Today, I propose to describe a system of mixed public and private health insurance that would have a good chance of working and improving the health care industry in America, i.e., the system that is in place in France. The French healthcare system was named by the World Health Organization as the best performing system in the world in terms of availability and organization of health care providers. I do not hold up the system of the National Health Service in Britain or the system of socialized medicine in our neighbor, Canada as good examples of ideal health care systems. Many health care workers in America have seen the problems in Canada, from whence come patients seeking health and medical care because they cannot get the service they need at home, or they find that wait times are far too long in their native Canada.

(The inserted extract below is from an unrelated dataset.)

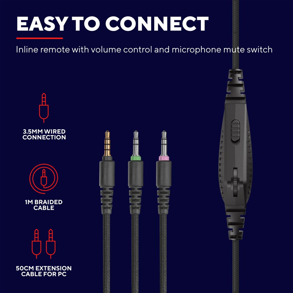 Med sin multiplattformsdesign går det att använda Radius med din favoritkonsol eller dator. Anslut enkelt headsetet till din konsol via 1m-kabeln eller använd 1m förlängningskabeln för en plug-and-play-anslutning med din stationära dator, laptop eller smartphone.

First, we need to look at the economic facts of life in the French system. France spends 11.6% of its gross domestic product on health care. On the other hand, in the United States at this time, we spend 16% of our GDP on health care. The French spend $3679 per capita in their country on health care. In the U.S., we spend $7439/year/person. Two statistics are of interest: The life expectancy at birth in the United States is 79.1 years. The life expectancy at birth in France is 81 years.
The government in France sets the reimbursement rates for physician and hospital payments. This results in a physician reimbursement rate, which is 60% of the rate earned by American physicians. France has also been able to control tort claims against health care and medical providers, so exorbitant legal fees are kept to a minimum.
France has a system that pays physicians for each patient they see; French physicians are not salaried. This is a significant difference from the VA system run by the United States government. In the U.S., VA physicians do not have any incentive to see very many patients, because their income is not dependent on their performance. In France, however, the need to earn income motivates them to see patients effectively and efficiently.
The French government maintains the National Agency for Accreditation and Health Care Evaluation, which is a body of evaluators who publish practice guidelines, which are recommendations on good practice that doctors are required to follow according to the terms of agreements signed between their professional representatives and the health insurance funds. There are also recommendations regarding drug prescriptions, and to a lesser extent, provision of medical examination. This agency is the French version of the Independent Practice Advisory Board of the ACA in America. In other words, this agency is the French counterpart of our IPAB—the part of ObamaCare that is so often accused of rationing health care.
While I am on the subject of rationing of health care, I want my readers to understand that I think health care rationing is a good idea; but…it should be done at the hands of physicians, for the most part. Bureaucrats cannot do health care rationing effectively and fairly. There is much money and effort wasted in the United States on ineffective surgery and other medical interventions. The only way to stop that wasteful use of medical/surgical resources, as far as I can see, is for the government to institute some form of rationing. Of course, I am fully aware that rationing will not always be infallible in its effects; but something absolutely must be done to stop the abuse and over use of expensive and ineffective medical and surgical interventions.
As an American, I am quite wary of government management, in general. I see very few examples of government management improving on entrepreneurial, free-market, management. But…in the case of run-away health care costs and the use of ineffective, dangerous, and costly interventions, I think something absolutely must be done to control unwise medical care. The French system looks better to me than ObamaCare.